У входа в парк, на конечной остановке автобуса, Исана, ведя сына перед собой, подошел к вращающемуся турникету и стал всовывать монету в узкую, как глаз, щель. Но монета лишь ударяла его по пальцам. Отверстие было закрыто. Он решил пойти к соседнему турникету, но Дзин сел на корточки в металлическом коридоре, ведущем к турникету, и расплакался. С ним ничего нельзя было поделать. В его затуманенном сознании вырисовывалось в определенной последовательности то, что должно было происходить, и вдруг все резко переменилось. И когда отец, всегда заставлявший его действовать в установленном порядке, теперь что-то изменил, Дзин решительно воспротивился, твердо придерживаясь того, что уже зафиксировалось в его мозгу. Однажды по ошибке Исана направил Дзина по коридору, не имеющему выхода и оканчивающемуся тупиком. Когда же он попытался его вернуть, тот, вопя, точно от физической боли, начал биться о стенку, буквально прилип к ней, и Исана пришлось потратить немало усилий, чтобы отодрать от нее тщедушное тельце сына. От отчаяния ребенок готов был пробить стену. Но поскольку это было невозможно, то, чтобы освободить от навязчивой идеи бедную голову жалобно плачущего, ни за что не желающего идти к другому выходу сына, он стал пугать его, делая вид, будто сам вдавлен в стену.

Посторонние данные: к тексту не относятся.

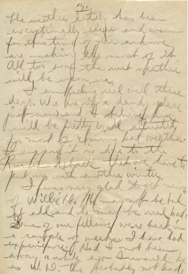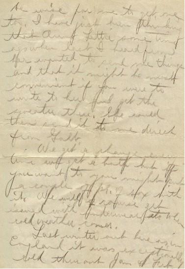 We get a change everytime we get a bath but, if you want to, you might put a couple of prs. of sox with it. We will, of course, get issued with underwear etc. when cold weather comes. Last winter out here, as in England, it was exceptionally cold throughout Jan. & Feb. The weather lately has been exceptionally clear and warm for this time of year and we are making the most of it. All too soon, the wet weather will be upon us. I am feeling real well these days. We are in a dandy place just now and I believe we will be pretty well situated for most of coming bad weather.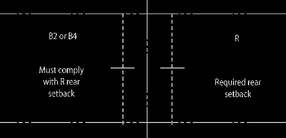 Rear Setback: Where a B2 or B4 zoned lot shares a rear property line with an R zoned lot, the B2 or B4 zoned lot must comply with the rear setback standards of the R zoned lot.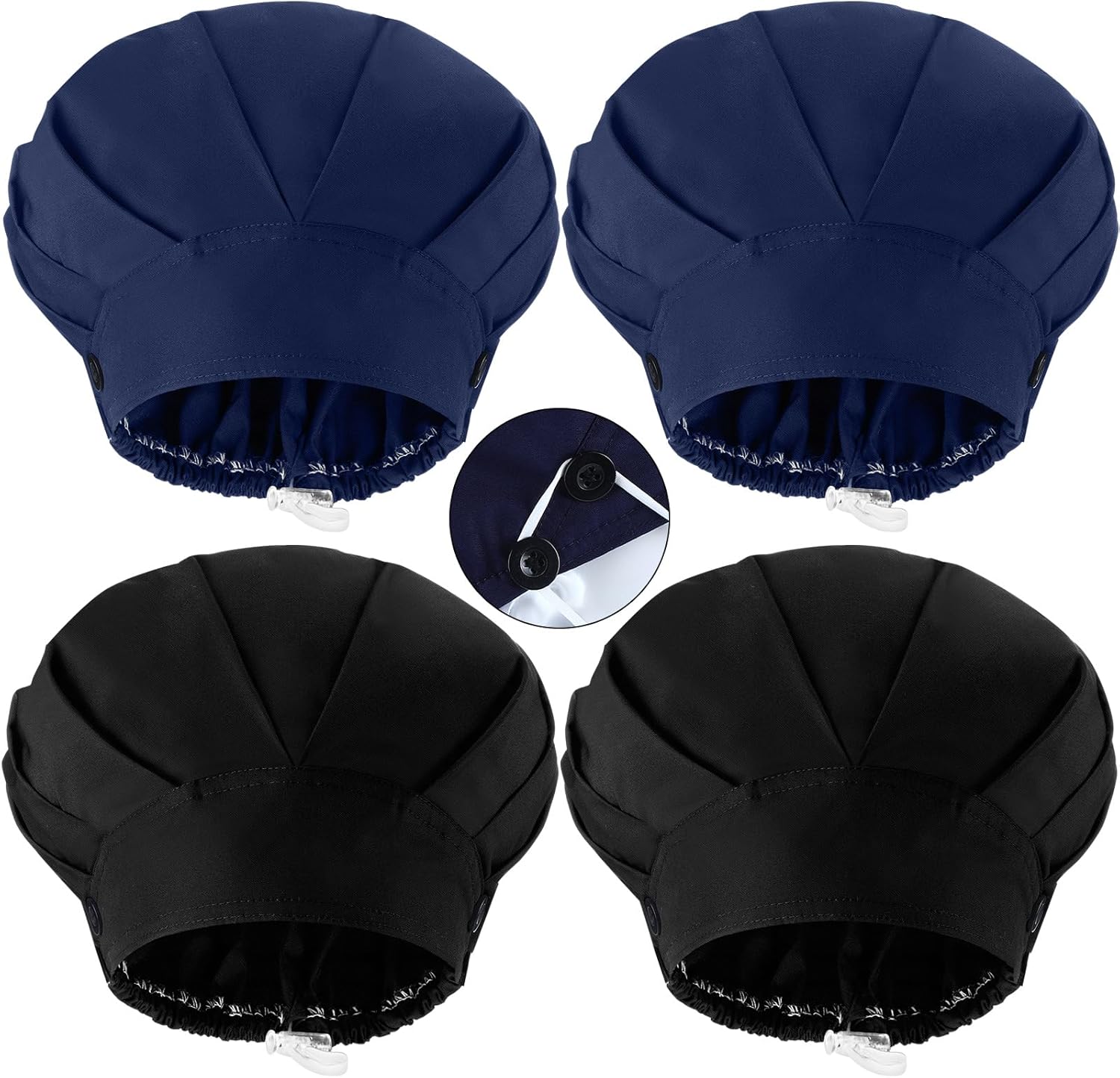 4 Pieces Bouffant Caps with Button and Sweatband Adjustable Nurse Working Hat Elastic Band Scrub Cap for Women Men

Сначала Исана изо всех сил старался вытащить сына, растопырившего руки и ноги, как водяной жук, из металлического коридора. Когда ему пришлось отказаться от этой мысли, он стал оглядываться вокруг и вслух определять расстояние до окружающих предметов, убеждая Дзина тем самым, что уступает его сопротивлению. Он надеялся, что таким способом ему удастся вернуть сыну покой и радость, освободив от навязчивой идеи и пустив его мысль в новом направлении. Потом он подошел к турникету и, делая вид, что сообразил, как можно легко преодолеть его, поднял мальчика и опустил на другой стороне. А сам быстро перебежал к соседнему, но Дзин за его спиной жалобно заплакал — он почувствовал себя одинокой душой, маковым зернышком, брошенным в этом злом, огромном мире. Исана еще стремительнее понесся к металлическому коридору и стал безуспешно пытаться просунуть в отверстие монету, пролезть через турникет — у него было чувство, будто за его спиной слышится его собственный отчаянный плач. Хотя между ним и сыном стоял преградой лишь турникет безлюдного входа в парк, собственное существование показалось ему таким эфемерным, таким неустойчивым, будто единственной опорой в жизни ему мог служить умственно отсталый ребенок. Наконец Исана нашел турникет, в который ему удалось опустить монету, и, встав на колени, прижал к себе дрожащего от страха ребенка, будто хотел, чтобы мягкое, теплое тельце сына вернуло ему душевный покой. В стороне на почтительном расстоянии от них стоял служитель парка. Почему кричит этот пожилой служитель да еще таким голосом, что волосы дыбом встают? Чего доброго мелкие звери в парке еще аппетита лишатся! — хотел сказать Исана. Но когда их взгляды встретились, служитель лишь робко предупредил:
— Парк уже закрыт. Увидеть сейчас чучела чудовищ все равно не удастся. Да и аттракционы уже не работают…
— Но мы приехали издалека, — сказал Исана и, продолжая обнимать сына, стал внимательно осматривать парк.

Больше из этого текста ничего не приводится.